▶ [GIVEN INFORMATION]:
[Start of Attachment]
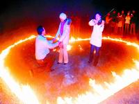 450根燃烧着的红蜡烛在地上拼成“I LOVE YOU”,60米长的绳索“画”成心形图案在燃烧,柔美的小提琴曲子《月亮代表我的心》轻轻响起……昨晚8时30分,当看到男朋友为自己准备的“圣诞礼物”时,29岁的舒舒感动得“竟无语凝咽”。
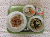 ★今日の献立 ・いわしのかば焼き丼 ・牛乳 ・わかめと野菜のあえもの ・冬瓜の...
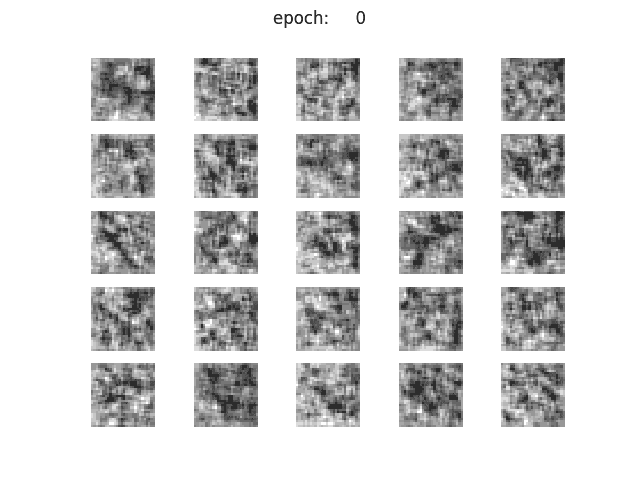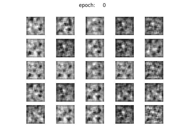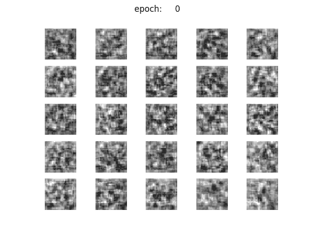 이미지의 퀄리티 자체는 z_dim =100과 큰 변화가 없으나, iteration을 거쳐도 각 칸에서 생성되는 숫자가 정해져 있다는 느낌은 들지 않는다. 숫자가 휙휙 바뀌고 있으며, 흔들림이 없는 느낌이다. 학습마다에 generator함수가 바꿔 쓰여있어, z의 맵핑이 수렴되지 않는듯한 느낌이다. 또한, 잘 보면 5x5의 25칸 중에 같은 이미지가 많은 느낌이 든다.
[End of Attachment]
[Start of Attachment]
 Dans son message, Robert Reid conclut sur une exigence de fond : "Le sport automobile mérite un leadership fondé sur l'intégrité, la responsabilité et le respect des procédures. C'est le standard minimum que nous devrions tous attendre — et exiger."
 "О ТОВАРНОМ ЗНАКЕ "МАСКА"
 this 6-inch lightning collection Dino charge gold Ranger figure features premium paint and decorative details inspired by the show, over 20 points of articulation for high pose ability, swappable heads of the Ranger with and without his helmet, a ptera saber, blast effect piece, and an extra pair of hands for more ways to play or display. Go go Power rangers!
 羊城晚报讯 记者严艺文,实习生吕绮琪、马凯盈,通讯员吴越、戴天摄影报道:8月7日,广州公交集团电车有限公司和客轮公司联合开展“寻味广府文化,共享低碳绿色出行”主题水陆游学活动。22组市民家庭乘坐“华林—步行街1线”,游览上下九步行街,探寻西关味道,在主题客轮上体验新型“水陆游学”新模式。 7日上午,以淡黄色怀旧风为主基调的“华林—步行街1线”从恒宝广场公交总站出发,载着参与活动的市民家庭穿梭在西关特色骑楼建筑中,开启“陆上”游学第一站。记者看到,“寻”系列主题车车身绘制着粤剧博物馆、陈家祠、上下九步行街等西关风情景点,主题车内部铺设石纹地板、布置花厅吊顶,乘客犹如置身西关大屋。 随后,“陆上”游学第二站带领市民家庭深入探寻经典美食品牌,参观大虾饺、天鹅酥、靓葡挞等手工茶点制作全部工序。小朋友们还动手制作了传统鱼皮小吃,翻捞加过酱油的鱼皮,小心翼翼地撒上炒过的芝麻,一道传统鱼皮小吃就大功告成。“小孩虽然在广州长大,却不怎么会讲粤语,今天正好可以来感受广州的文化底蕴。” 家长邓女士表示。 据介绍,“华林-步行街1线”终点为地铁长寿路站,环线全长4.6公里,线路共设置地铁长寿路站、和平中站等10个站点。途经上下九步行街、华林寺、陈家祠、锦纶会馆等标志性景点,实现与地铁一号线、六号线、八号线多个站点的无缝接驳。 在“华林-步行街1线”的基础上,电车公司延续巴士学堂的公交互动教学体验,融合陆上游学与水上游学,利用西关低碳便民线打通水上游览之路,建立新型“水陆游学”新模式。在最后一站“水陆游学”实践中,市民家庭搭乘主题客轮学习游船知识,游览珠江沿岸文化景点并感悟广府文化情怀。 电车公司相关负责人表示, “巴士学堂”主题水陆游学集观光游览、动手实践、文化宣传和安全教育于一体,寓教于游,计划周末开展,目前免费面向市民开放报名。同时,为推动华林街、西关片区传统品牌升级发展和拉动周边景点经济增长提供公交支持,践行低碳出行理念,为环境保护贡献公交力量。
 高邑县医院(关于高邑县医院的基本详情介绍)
[End of Attachment]
[Start of Attachment]
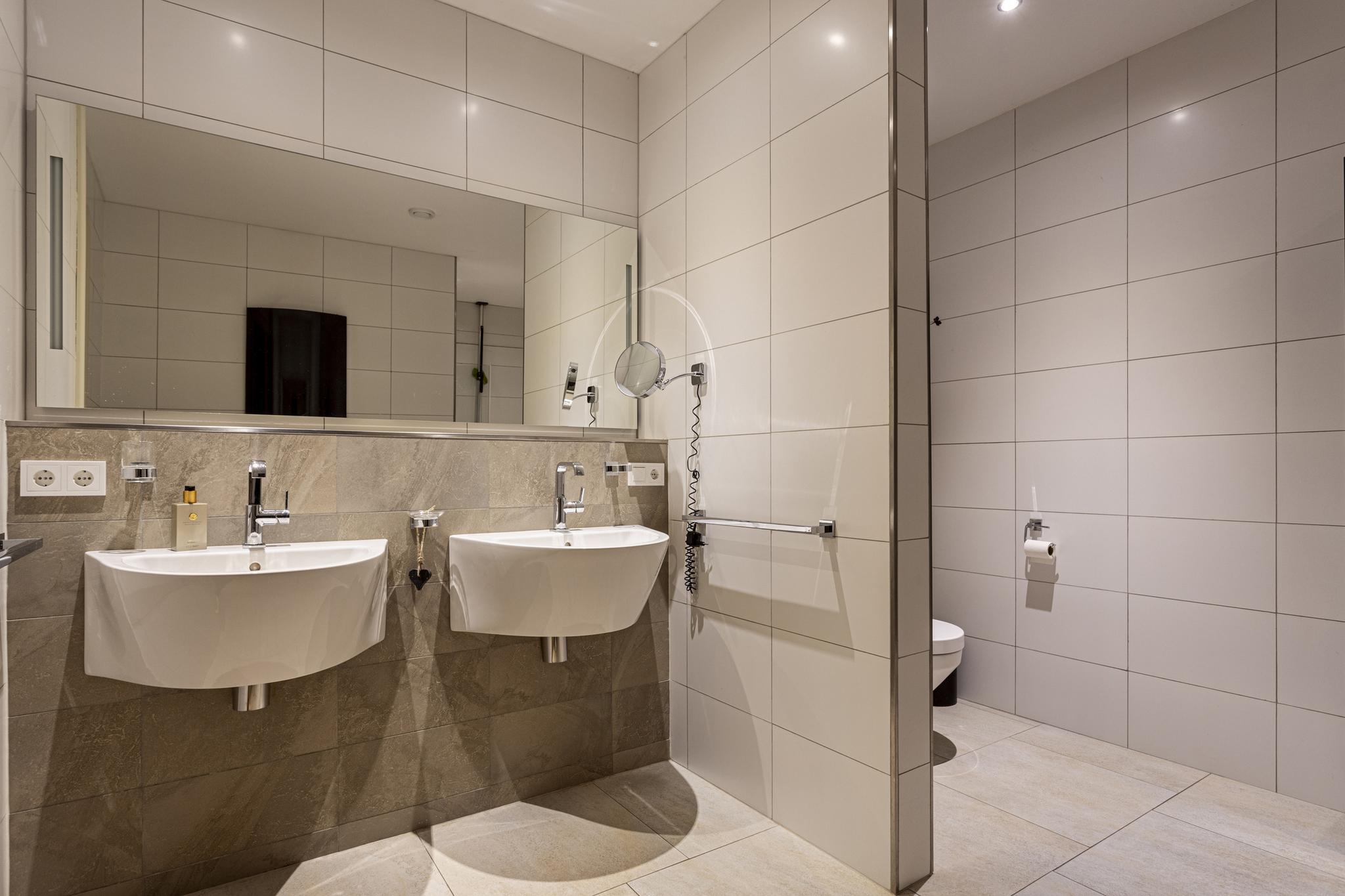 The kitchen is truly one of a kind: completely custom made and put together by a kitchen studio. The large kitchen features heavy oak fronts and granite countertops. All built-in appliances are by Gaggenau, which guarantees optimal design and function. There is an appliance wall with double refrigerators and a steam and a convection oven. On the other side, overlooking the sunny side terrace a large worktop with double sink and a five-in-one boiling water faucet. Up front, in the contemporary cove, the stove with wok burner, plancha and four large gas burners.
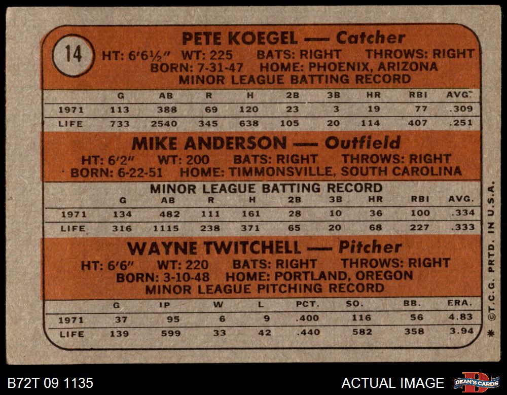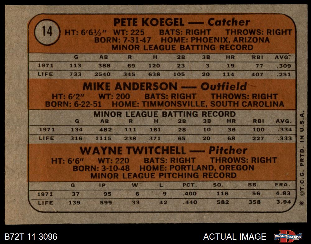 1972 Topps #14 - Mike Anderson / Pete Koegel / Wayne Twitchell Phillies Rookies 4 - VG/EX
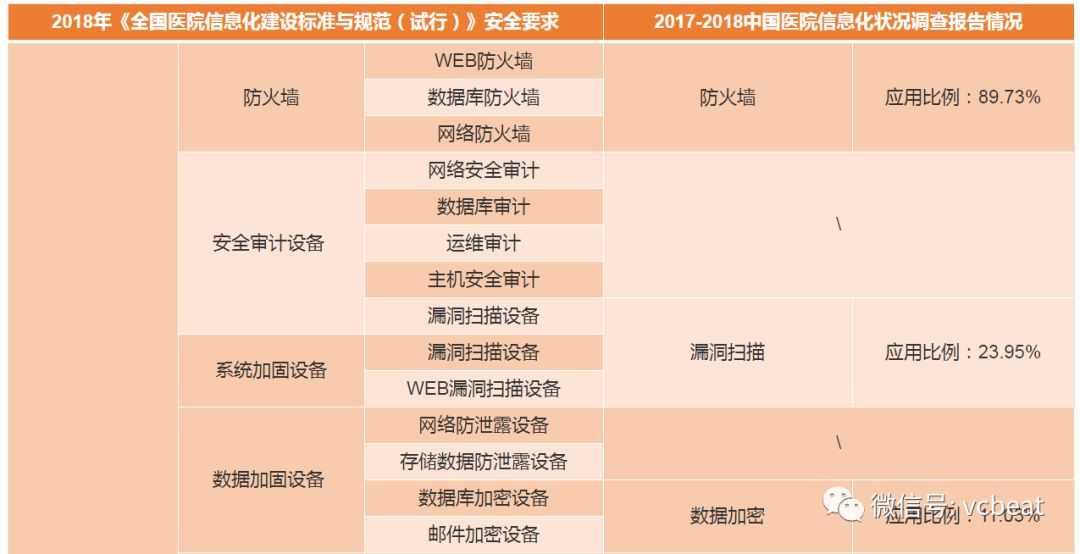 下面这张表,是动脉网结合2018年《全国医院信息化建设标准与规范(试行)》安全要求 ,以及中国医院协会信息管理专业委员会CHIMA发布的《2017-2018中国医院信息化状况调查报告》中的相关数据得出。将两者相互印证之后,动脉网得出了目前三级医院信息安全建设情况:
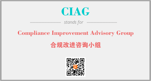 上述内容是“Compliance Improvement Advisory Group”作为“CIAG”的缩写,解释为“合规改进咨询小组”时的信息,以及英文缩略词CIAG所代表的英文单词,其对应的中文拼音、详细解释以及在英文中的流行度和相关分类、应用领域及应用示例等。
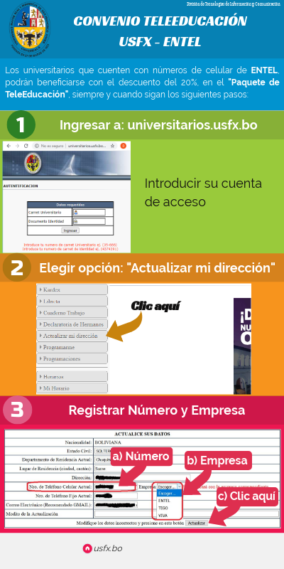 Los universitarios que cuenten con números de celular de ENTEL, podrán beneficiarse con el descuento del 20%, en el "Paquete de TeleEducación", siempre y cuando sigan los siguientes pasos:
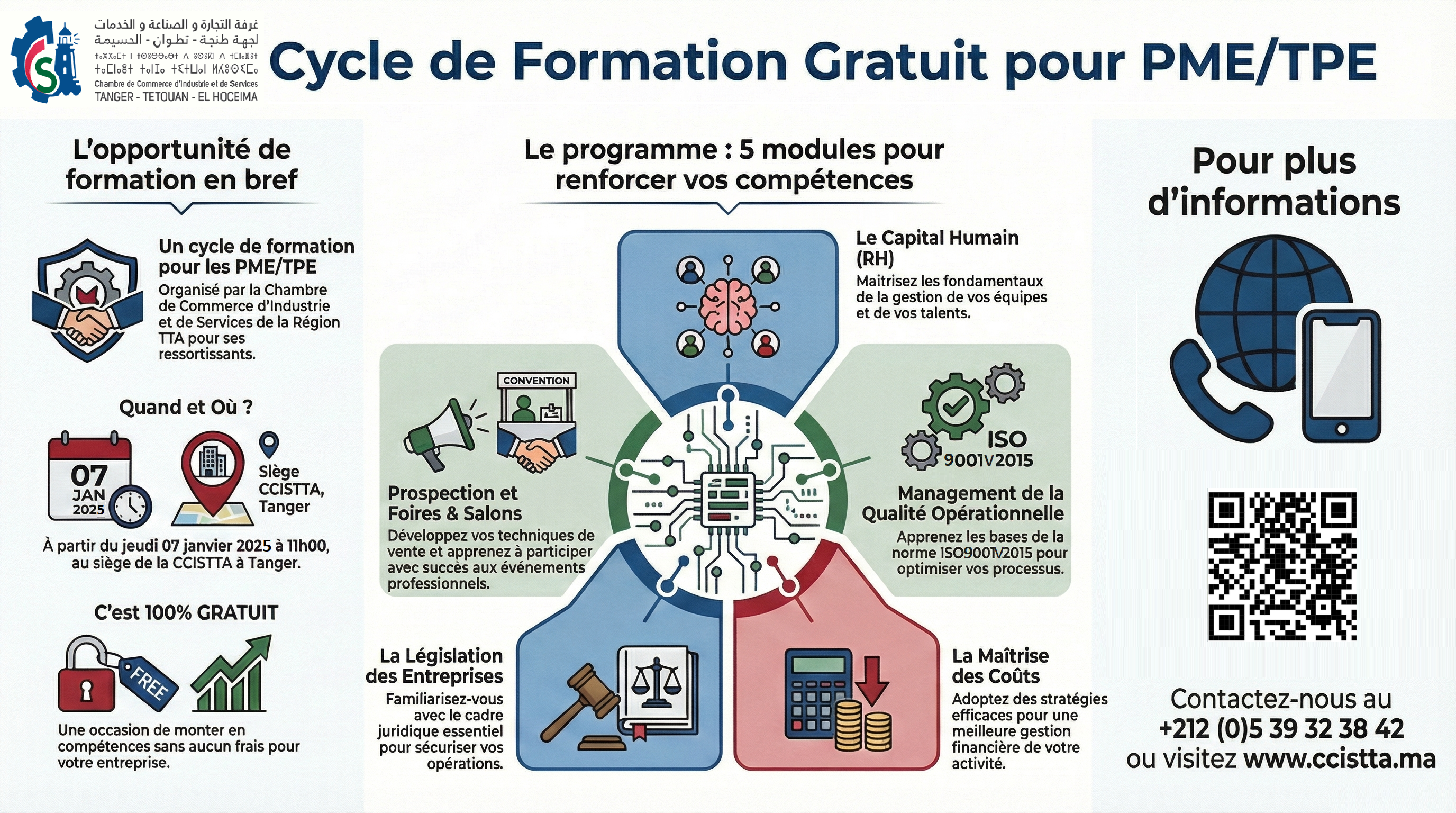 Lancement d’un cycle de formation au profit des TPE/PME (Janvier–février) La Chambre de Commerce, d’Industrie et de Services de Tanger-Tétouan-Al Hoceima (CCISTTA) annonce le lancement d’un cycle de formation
[End of Attachment]
▶ [WHAT NEEDS TO BE DONE]:
Go back to the listing above and write out the lines starting at the one with "Los universitarios que" and ending at the one with "Lancement d’un cycle de formation au", inclusive, exactly and without pictures.

▶ [COMPLETED EXERCISE]:
 Los universitarios que cuenten con números de celular de ENTEL, podrán beneficiarse con el descuento del 20%, en el "Paquete de TeleEducación", siempre y cuando sigan los siguientes pasos:
 Lancement d’un cycle de formation au profit des TPE/PME (Janvier–février) La Chambre de Commerce, d’Industrie et de Services de Tanger-Tétouan-Al Hoceima (CCISTTA) annonce le lancement d’un cycle de formation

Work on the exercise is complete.